The Tribunal finds the CPM Report and Attachments 3 and 4 reveal information about certain persons that includes their personal details – their names, positions, sex, phone numbers and contacts – and this is clearly personal information.
The documents also reveal their personal recounting of events. However this is not information about investigations of their conduct or the conduct of other named officers as was the case in Collins at [18-19] but rather information about the applicant’s conduct. The Tribunal finds that while this is their personal information it is also information shared with the applicant.
The further question is whether disclosure of this personal information is unreasonable.
The personal information in the form of personal details is already known to the applicant. The personal information in the form of other persons’ recounting of events is not known to the applicant though the events that information recounts clearly are. Given that their recounting relates to her complaints the Tribunal finds it is not unreasonable to disclose that information to her. However, this is not information known to the public and it would be unreasonable to allow release of that information in its current form since any disclosure constitutes disclosure to the public at large as per News Corporation v National Companies & Securities Commission (1984) 57 ALR 550, 559 and Searle Australia Pty Ltd v Public Interest Advocacy Centre & Anor (1992) 108 ALR 163, 179.
This raises the question whether a redacted form of the documents would afford the necessary protection to that personal information. Section 21 provides that where a decision is made not to release a document on the grounds that it is an exempt document consideration needs to be given as to whether a copy of the document with deletions could render the document non-exempt. Section 21 imposes the additional requirement that such deletions do not render the document misleading and that it is reasonably practicable for the respondent to make such a copy.

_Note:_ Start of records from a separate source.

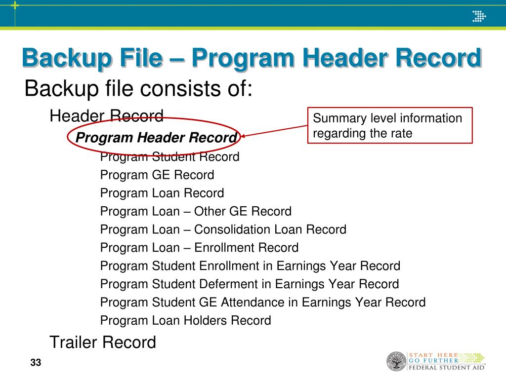 Backup File – Program Header Record Summary level information regarding the rate Backup file consists of: Header Record Program Header Record Program Student Record Program GE Record Program Loan Record Program Loan – Other GE Record Program Loan – Consolidation Loan Record Program Loan – Enrollment Record Program Student Enrollment in Earnings Year Record Program Student Deferment in Earnings Year Record Program Student GE Attendance in Earnings Year Record Program Loan Holders Record Trailer Record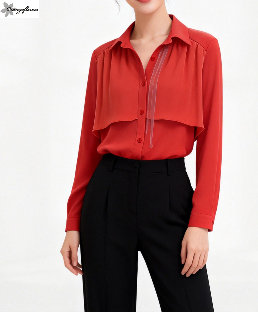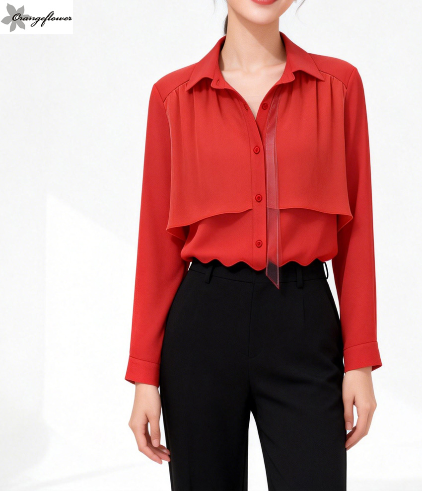 orange flower欧美风格雪纺打底衬衫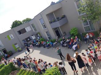 Bei strahlendem Sonnenschein machte das Singen allen noch mehr Freude. So erklang aus dem Innenhof der Rummelsberger ein gemischtes Repertoire aus altbekannten Volksliedern.

The respondent says the extent of the required redaction to those documents would render them unintelligible and of little utility to the applicant. Conversely, the respondent contends even redaction to the extent required could still allow members of the public to reconstruct exempt or personal information under sections 36, 40 and 41. The applicant contends that any such personal information can be protected by redaction so as to render it non-exempt.

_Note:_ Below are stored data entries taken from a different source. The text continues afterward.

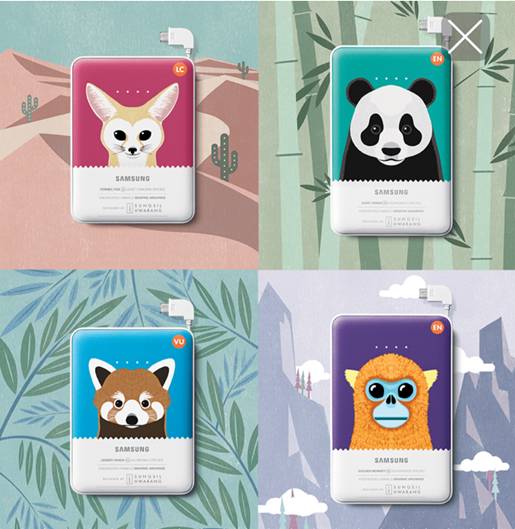 삼성전자는 충전용 보조배터리 '배터리 프렌즈'를 선보이고 있다. 보통 보조배터리가 검정, 흰색 등으로 무늬 없이 깔끔한 것에 비해 이 제품에는 4가지 종류의 동물이 그려져 있다. 자이언트 팬더, 황금들창코 원숭이, 랫서팬더, 사막여우 등이다. 이 동물들은 모두 멸종위기에 처한 동물들로, 절박함을 알리기 위해 표정 없이 정면을 응시하는 모습으로 디자인됐다.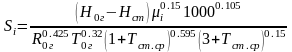 определяется в зависимости от температуры в камере сгорания и приведенной длины и равен -0.85
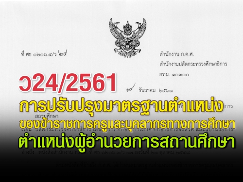 ว24/2561 การปรับปรุงมาตรฐานตำแหน่งของข้าราชการครูและบุคลากรทางการศึกษา ตำแหน่งผู้อำนวยการสถานศึกษา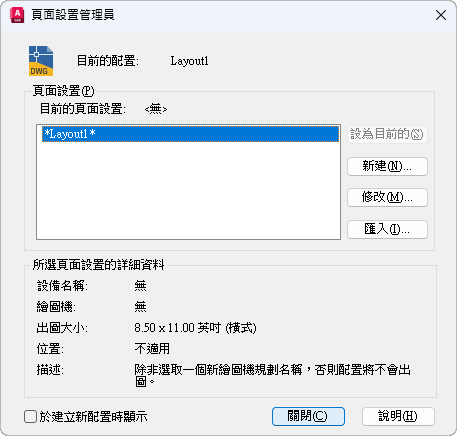 從「圖紙集管理員」開啟「頁面設置管理員」時會顯示。

Redaction would require deletion of identifying information – names, positions, sex, phone numbers and contacts – so as to protect personal information. It would also require deletions to be made to a person’s rendition of events so as to protect recollections that are that person’s personal information. The effect would be that where the disclosure of material would normally constitute the unreasonable disclosure of personal information so as to render them exempt under section 41, redaction of relevant sections as directed renders them non-exempt but not misleading under section 21(1)(b).

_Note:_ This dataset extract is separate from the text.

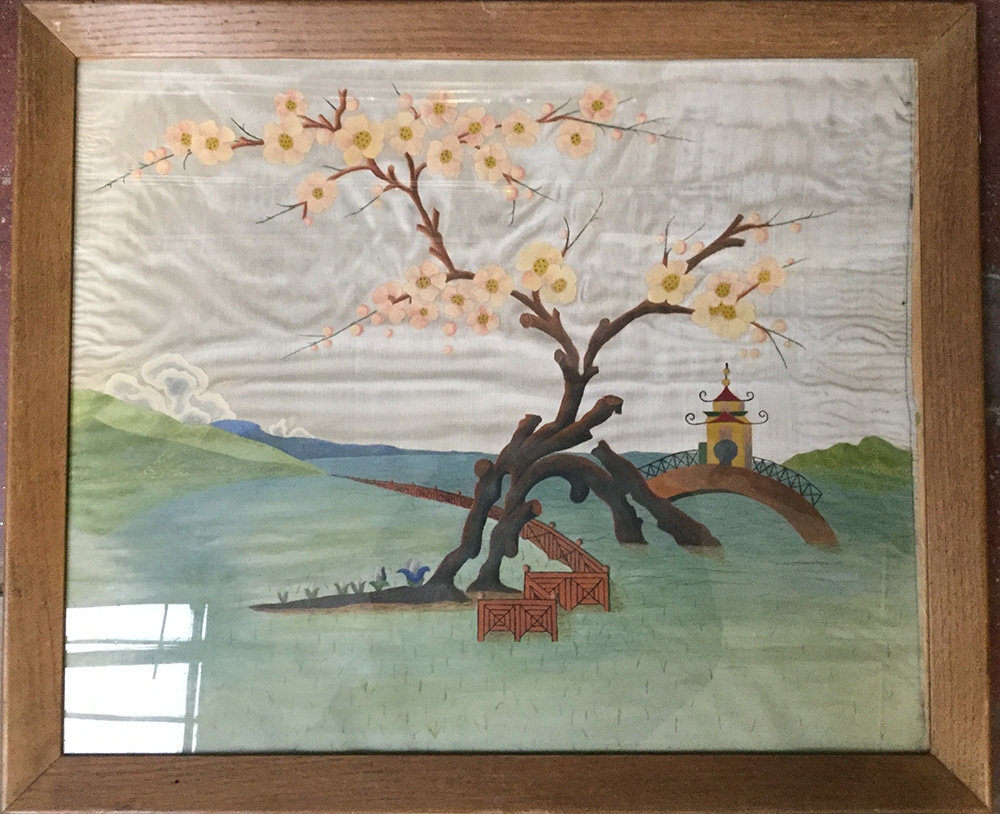 Arte orientale del sec. XX "Paesaggio con ponticello e pagoda" ricamo su seta...

The Tribunal finds appropriate redaction can render the documents non-exempt under section 21. The necessary deletions are detailed in paragraph 82 below and a copy of the documents in this form is to be released to the applicant.
Conclusion
The Tribunal has determined that the CPM Report and Attachments 3 and 4 are not exempt under either section 36 or section 40. The Tribunal has determined that there is material in the documents in the form of personal information exempt under section 41. However the Tribunal is satisfied that an appropriately redacted copy of the documents renders them non-exempt under section 21, without making them misleading or unintelligible.
Decision
The Tribunal sets aside the decision under review insofar as it relates to the CPM Report, Attachment 3 and Attachment 4 and in substitution decides that the only parts of those documents that are exempt from disclosure under the FOI Act are as follows:
(a)CPM Report –
(i)page 3 of 126: the email address in No. 3 of the ‘following actions’ list;
(ii)page 4 of 126: the whole of the ‘possible witness’ list;
(iii)page 11 of 126: from ‘Ms Jones’ response’ to end of page;
(iv)page 12 of 126: paragraph 1 line 1 to end of paragraph at line 4;
(v)page 16 of 126; line 13 after ‘Background’ to end of the page;
(vi)page 17 of 126: paragraph 1 line 1 to end of paragraph 2 at line 6; and paragraph 7 line 16 after ‘the exercise…’ to end of line 18;
(vii)page 18 of 126: indented paragraph 1 line 2 beginning after the words ‘version of events…’ to end of that sentence at line 3;
(viii)page 19 of 126: under the heading ‘Complaint Two’ after ‘a complaint from...’ at line 8 to ‘against Ms Haskins.’ At line 9;
(ix)page 20 of 126: In the second full paragraph beginning at line 15, omit from line 18 to before “Ms MacKenzie...’ at line 20;
(x)page 21 of 126: In paragraph 1 line 5 after the words ‘at a meeting…’ to line 6 before the words ‘…and indicates that’;
(xi)Page 23 of 126: Paragraph 4 line 17 to end of page.
(b)Attachment 3 –
(i)page 50 of 126: paragraph 2 line 5 after the words ‘(‘the complainant’)…’ to end of paragraph at line 8;
a. paragraph 4 line 11 to end of paragraph at line 14;
b. paragraph 5, in first dot point at line 17 the dashed section after the words ‘had engaged in…’ to end of line 18;
(ii)page 51 of 126 paragraph 1 line 2 after the words ‘Mr Fernandez...’ to before the words ‘…In this regard’ at line 4;
(iii)page 53 of 126: whole of paragraph 9 line 33 to end of page;
(iv)page 54 of 126: whole of page save the words ‘Comment by Ms Margaret Jones’ and ‘Comments by Mr Mark Fernandez “re: Ms Janine Haskins – Complaint(s) Against the Work Place: (Mark Fernandez) Complaints 6, 7, 8 and 9:”.’;
(v)page 55 of 126: paragraph 1 line 1 to end of paragraph line 26 before the words on line 27’…Complaints 6’;
(vi)paragraph 10 line 27 after ‘throughout the exercise…’ to end of line 28;
(vii)page 56 of 126: paragraph 5 line 13 after the words ‘in relation to her encounter(s)…’ to the end of that sentence on line 13.
(c)Attachment 4 –
(i) page 59 of 126: Under the heading ‘Date Item Attachment No/Reference’:
a.for ‘19/11/2014’ omit the words between ‘verbal complaint’ and ‘about behaviour…’;
b.for ‘21/11/2014’ omit the words between ‘discussions with’ and ‘Witness and…’.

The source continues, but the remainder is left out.